Hoping to make Columbus Day a more inclusive, universal celebration, Rachel Rinehart of the City High Student Senate has launched a campaign to change the holiday’s name to Discovery Day, in light of all of those who have contributed to the founding of America.

“Columbus was a bad person when you think about it rationally,” Rinehart said. “… He ended up in Spanish prison for enslaving and killing thousands of native islanders. I think a lot of people agree that Columbus Day should not be a holiday.”

The holiday has sparked a lot of controversy over the years, leading to protests against the celebration, debates over removing Columbus from classroom teaching, and petitions for name changes.

In fact, a group of students and faculty from the Meskwaki Settlement School in Tama, Iowa, visited the University of Iowa campus in October 2012 to protest Columbus Day. UI graduate students joined the protesters as they stood holding posters along Hubbard Park in order to mark Indigenous People’s Day instead of Columbus Day.

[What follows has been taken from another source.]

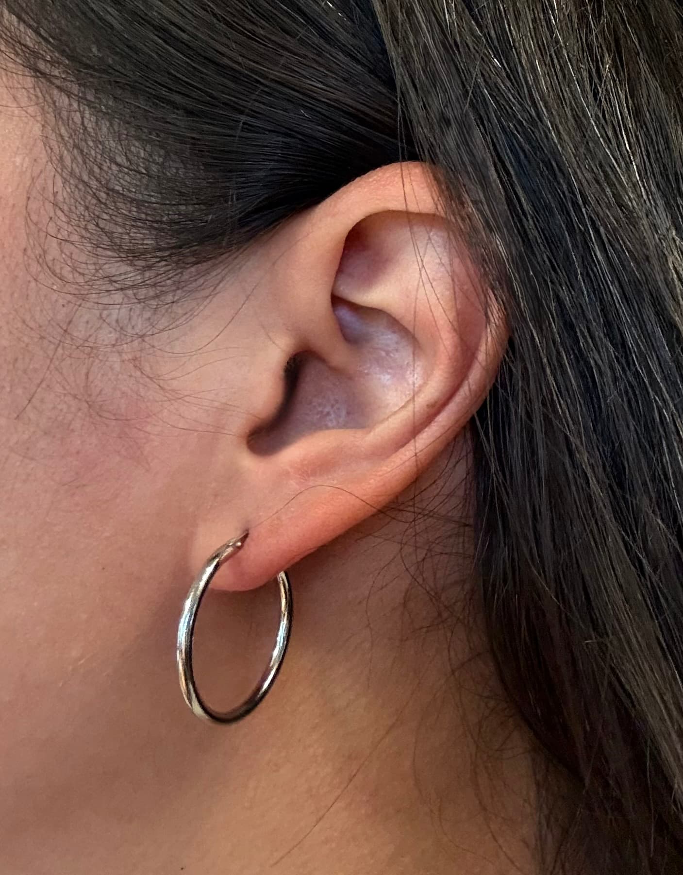 Boucles d’oreilles en argent, diamètre 20, ronde lisse 2 mm. Légeres, polyvalentes et intemporelles, elles s’adaptent à tous les styles pour un look élégant et raffiné.

Rinehart says she believes it would be more beneficial to celebrate more than one individual.
“We are trying to get the idea of discovery to the public,” she said. “… Rather than celebrating one incredibly controversial individual, we want to celebrate all of the people that have helped to discover and found America.”

So Rinehart set out to make a difference. With Iowa being one of the few states that has not declared Columbus Day a holiday, the opportunity to instate Discovery Day as a permanent replacement relies on 1,000 citizen signatures.

Rinehart has 700 signatures of students and faculty members from City High, a number that is exceeding expectations.

“Once everything gets going, it should be easy to get the 1,000, but I want to prove to legislators how important this is to our community,” Rinehart said.

She has enlisted the help of numerous junior highs, Regina High, West High, and the University of Iowa Student Government, all of which have agreed to back her cause.

“Columbus was undoubtedly a great explorer,” said Nathan Shank, leader of the petition at Regina High School. “… But his actions were questionable. By changing Columbus Day to Discovery Day, it gives people the opportunity to celebrate explorers like Sacagawea, Neil Armstrong, and others rather than only one man.”

Shank said he and others plan to administer petitions to students in ninth- to12th-grade religion classes. They expect about 200 people to sign the petition.

Rinehart believes Discovery Day will better illustrate the achievements of the Age of Exploration and all of the people who helped to explore and discover America.

One UI faculty member supported the notion that holidays are important in the United States.

“Days of commemoration are a good thing,” said Michaela Hoenicke-Moore, a UI associate professor of history. “… A name change for Columbus Day could be a good starting point for what it means to be ‘an American’ and how this nation was founded.”

If all goes as planned, Rinehart said she hopes Discovery Day will be named a holiday in Iowa within the year. Following her campaign in Iowa, she would eventually take her petition to a national level.